Но чем больше он горячился, тем спокойнее становилась госпожа Рурико. Наконец она холодно усмехнулась:
– Издеваться над мужчинами! Вы находите, что игра женщин с мужчинами настолько опасна? Вот поэтому-то я и считаю мужчин грубыми эгоистами. Если, по-вашему, гнев настоящего мужчины должен стереть с лица земли женщину, которая насмеялась над его чувствами, то большая часть современных мужчин заслуживает быть стертой с лица земли гневом настоящих женщин! Не испытываете ли и вы стыда перед вашей женой, у которой чистое сердце? Вы все время взывали к моей совести, а теперь я хотела бы спросить вашу совесть! Когда женщина играет чувством мужчины, он называет ее бездушной кокеткой, вампиром, словом, всячески оскорбляет. У вас, например, даже глаза потемнели от возмущения, когда вы отчитывали меня! Но посмотрите, как играют чувствами женщин мужчины! Женщины же платят им тем же за непостоянство и легкомыслие. Играя с женщиной, мужчина втаптывает в грязь и душу ее, и тело, доброе имя и честь! Все делают вид, будто не замечают, сколько есть в мире женщин, у которых отравлена душа, потому что их унизили и оскорбили мужчины. Быть может, женщина, которую вы сейчас видите перед собой, одна из них. Голос Рурико дрожал, глаза сверкали.
– Мужчина вправе издеваться над женщиной, а женщина над мужчиной не вправе! Против подобной парадоксальной морали, морали чисто мужской, я решила бороться не на жизнь, а на смерть. Государство и то на стороне этой чудовищной морали! Существуют даже специальные дома, где мужчина, охраняемый законом, может издеваться над женщиной. А современные мыслители, идеологи человечества, спокойно взирают на это. Только от женщины требуют, чтобы она была честной и скромной, чтобы почитала мужчину. В этих требованиях я усматриваю лишь произвол, грубый мужской эгоизм. Великолепным доказательством этого служит дневник покойного Аоки-сан.
В словесном поединке с Синъитиро госпожа Рурико смело парировала удары противника, облегчая тем самым душу от скопившейся в ней за долгое время тяжести.
– Охота на тигра считается благородным спортом, но если тигр загрызет человека, его проклинают, называя жестоким и кровожадным. Это тоже произвол. В нашем обществе для забавы мужчин существуют специальные женщины: наложницы, гейши, актрисы, проститутки.
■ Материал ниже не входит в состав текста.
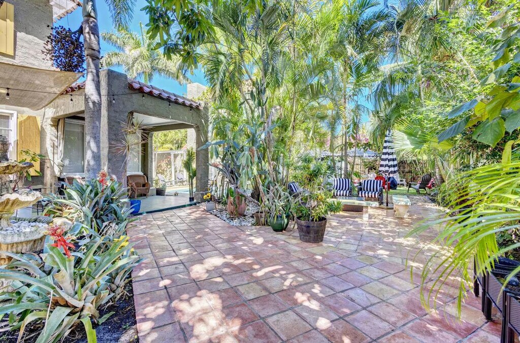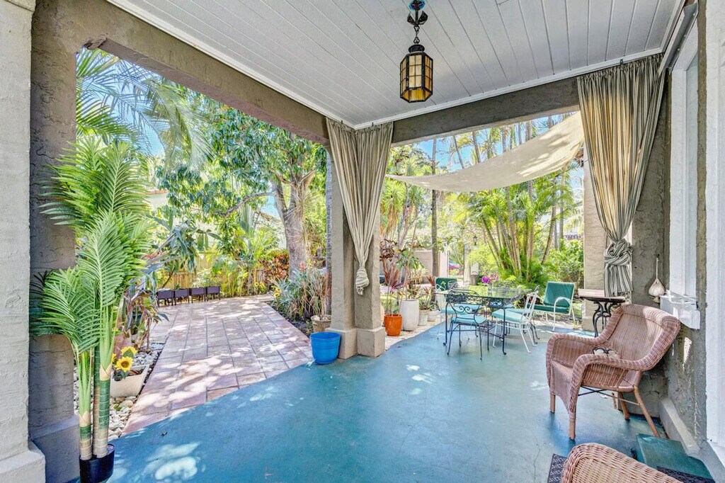 Feel at home in this lovely 1-bedroom apartment in the garden unit (second floor) of a historic 1920s house in the highly sought-after Northwood neighborhood in West Palm Beach. The apartment is fully equipped for your every need and features a newly remodeled full bathroom and a quaint kitchen. There is also a lovely sunlit dining room. High-speed internet and cable TV with hundreds of channels available (HBO, Discovery, etc.) are provided. A shared washer and dryer are available on the property. Enjoy morning coffee in your private patio surrounded by a spectacular garden with old palm trees and fruit trees. Situated in historic Old Northwood, near the end of a quiet cul-de-sac in a prime location, the apartment is a very short drive across the bridge to Palm Beach, Worth Avenue, the Atlantic beaches, and downtown West Palm Beach. The airport is a short 10-minute drive, and it is a 5-minute drive to the train station (Brightline to Tri-Rail to Miami or Fort Lauderdale). It's an easy walking distance to the intracoastal waterway, the Palm Beach Maritime Museum, and Currie Park with its bike paths, tennis courts, and fantastic views. Within two miles, you will find shopping, restaurants, theaters, sidewalk cafes, nightclubs and boutiques, Clematis Street's shopping and nightlife, the Kravis Center for the Performing Arts, the Norton Museum, and the Palm Beach County Convention Center. The vibrant shopping area of Northwood Village is four blocks away, where streets are lined with antique stores, a yoga studio, and tons of restaurants. Quiet hours are from 10:00 pm to 6:00 am. There is a strict no pet policy. Registration Number: 000032495, [SI]
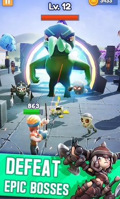 1.游戏采用崭新的卡通风格游戏画面,并具有多种关卡模式。拿起手中的弓箭杀死敌人。
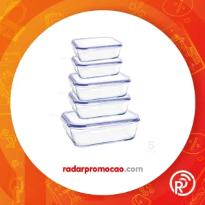 Kit Conjunto 5 Potes De Geladeira Hermético De Vidro Marmita Tampa Click (Azul)
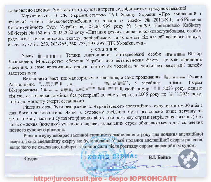Ми виграємо суди для отримання виплат цивільними дружинами!
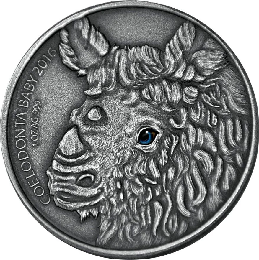 The reverse features the Woolly Rhinoceros Baby, a survivor of the last glacial period. Inscriptions include "COELODONTA BABY," the year "2016," and "1 OZ AG .999."
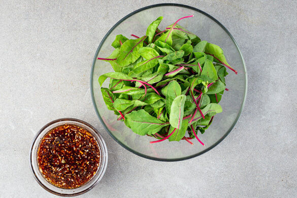 Den Mangold mit ¾ des Dressings vermengen.
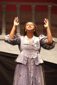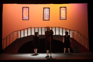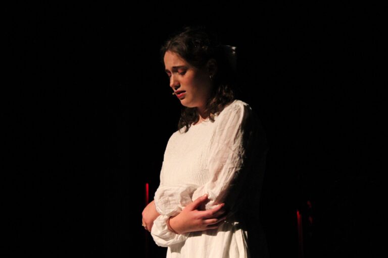 The Brandeis Undergraduate Theater Collective’s recent production of Thornton Wilder’s “Our Town,” directed by Hannah “Phoenix” Feldman ’27, details the lives of the Webb and Gibbs families, along with the stories of several other people in Grover’s Corners, NH, in three beautifully done acts. As one of the most famous American plays, “Our Town” is no easy tale to tackle, but the company of the UTC’s production did a fantastic job. Also, spoilers ahead! Franny Gindi-Chiafullo ’28 led the ensemble as the Stage Manager, someone who exists outside of the same pattern of time everyone else in the play follows. She was not only an excellent storyteller but also an evocative performer; her actions commanded both the timeline and the audience alike, and effectively drove the story forward. The Stage Manager guided the audience through time, specifically following George Gibbs (Luke Benanav ’29) and Emily Webb (Natalie Conklin ’29) as
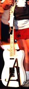 Last up for bid was a white Fender Telecaster guitar. Someone asked if the guitar was made in the USA or Mexico. Jodee had no idea, so she looked on the guitar and found out it said Mexico. The bidding opened at $500. Two fan club members went back and forth with the bidding, which ended at $2,400. And, no, Jodee's daughter Rachel did not come with the guitar! She does look cute in those Marty boxer shorts, however.

Но стоит женщине позабавиться с мужчиной ради собственного удовольствия, как ее тотчас же назовут чудовищем, змеей, вампиром.
Госпожа Рурико сделала паузу и продолжала:
– История Аоки-сан в этом смысле самая банальная. Вот вы обвиняете меня в том, что я обманула честного и наивного юношу. Но ведь эти часы я ему не навязывала, он сам просил меня подарить их ему, а в дневнике не пишет об этом ни слова, видимо, самолюбие не позволило. Строки о самоубийстве сами по себе ничего не значат. Он мог написать их под влиянием нахлынувшей на него грусти. И неизвестно, что было бы, не случись автомобильной катастрофы. Возможно, сегодня он снова появился бы в моем салоне. Но если бы даже он и решился на самоубийство, винить в этом меня одну несправедливо. Мужчина, который решился на самоубийство, разочаровавшись в любовной игре, не мужчина, при таком слабоволии он может покончить с собой из-за любого неприятного дела.
Синъитиро слушал и все явственней ощущал, что госпожа Рурико не так легкомысленна и жестока, как он думал. Она женщина нового типа и своим острым проницательным умом нисколько не уступает мужчине. Уже в который раз презрение к ней сменилось чувством уважения. Он понял, как нелепо было подходить к госпоже Рурико с меркой старой морали. Эта женщина давно освободилась от ее пут и судила о мужчинах с точки зрения новой, свободной морали.
Между тем госпожа Рурико продолжала:
– Я хотела доказать, что мы, женщины, вправе поступать с мужчинами так, как они поступают с нами, вправе забавляться и играть их чувствами. Я хочу мстить за всех женщин с омертвевшими душами, исполненными ненависти к мужчинам, потому что, как уже говорила вам, сама нахожусь в их числе.
Госпожа Рурико опустила голову. На ее взволнованном лице промелькнуло выражение глубокой грусти.
Синъитиро был потрясен. Видимо, жизнь привела госпожу Рурико к краю пропасти и она решила бороться со старой моралью и мужским деспотизмом, если даже в этой борьбе ей суждено было погибнуть.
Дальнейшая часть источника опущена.